La France naît en tant que nation centralisée à la suite de la Révolution française et de la disparition des provinces considérées comme archaïques et empêchant le peuple de France d’exercer la souveraineté politique et donc d’accéder à la liberté. Cependant, les Français ne prennent conscience les uns des autres qu’avec, d’une part, l’avènement de la Troisième République qui rend obligatoire l’enseignement général et public et, d’autre part, avec la Première Guerre mondiale qui mobilise des français de toutes les régions pour défendre une même patrie. Cette période allant de 1871 à 1918 est une période où prospèrent les clichés entourant les Méridionaux alliant a priori, stéréotypes et propos ouvertement racistes.
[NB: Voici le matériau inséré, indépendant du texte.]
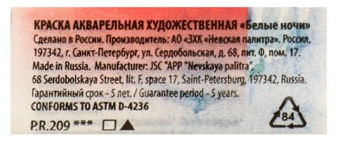 Завод художественных красок «Невская палитра» Акварель художественная в кювете 2.5 мм, ЗХК "Белые ночи", алый хинакрид информация: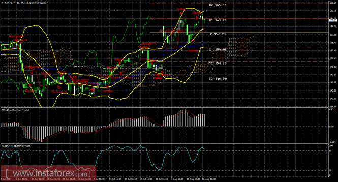 На 15-минутном графике рекомендуется рассматривать ордера на покупку с целью 165,11 при закреплении цены выше 161,26, ордером Stop Loss ниже 161,26 и при направленном вверх индикаторе MACD.
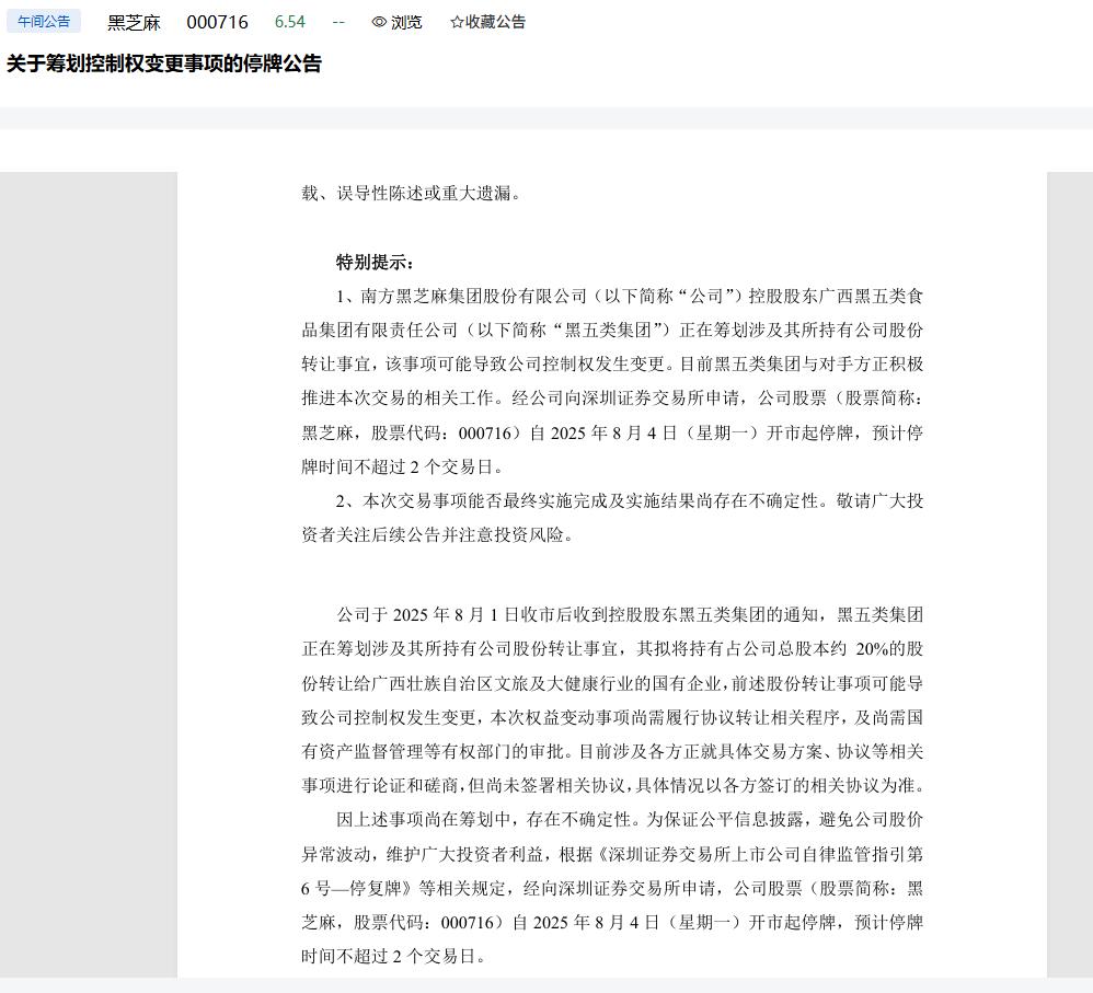 8月4日午间,黑芝麻公告,公司于8月1日收市后收到控股股东广西黑五类食品集团有限责任公司的通知,黑五类集团正在筹划涉及其所持有公司股份转让事宜,其拟将持有占公司总股本约20%的股份转让给广西壮族自治区文旅及大健康行业的国有企业,前述股份转让事项可能导致公司控制权发生变更。公司股票自8月4日开市起停牌,预计停牌时间不超过2个交易日。

Néanmoins, si ces clichés se sont atténués aujourd’hui ils n’ont pas disparu et de nombreux stéréotypes ou images péjoratives entourant le Méridional demeurent.
« Notre étourderie vient du Midi, et, si la France n’avait pas entraîné le Languedoc et la Provence dans son cercle d’activité, nous serions sérieux, actifs, protestants, parlementaires, notre fond de race est le même que celui des Îles Britanniques. » Ernest Renan
Ernest Renan, concepteur de la théorie française de la « nation », déclarait en 1871 dans La réforme intellectuelle et morale : « Notre étourderie vient du Midi, et, si la France n’avait pas entraîné le Languedoc et la Provence dans son cercle d’activité, nous serions sérieux, actifs, protestants, parlementaires, notre fond de race est le même que celui des Îles Britanniques. » Le Midi serait ainsi étourdi, moins actif, plus passionné et plus enclin à être dirigé que la moitié Nord de la France selon le concepteur de la nation « à la française ».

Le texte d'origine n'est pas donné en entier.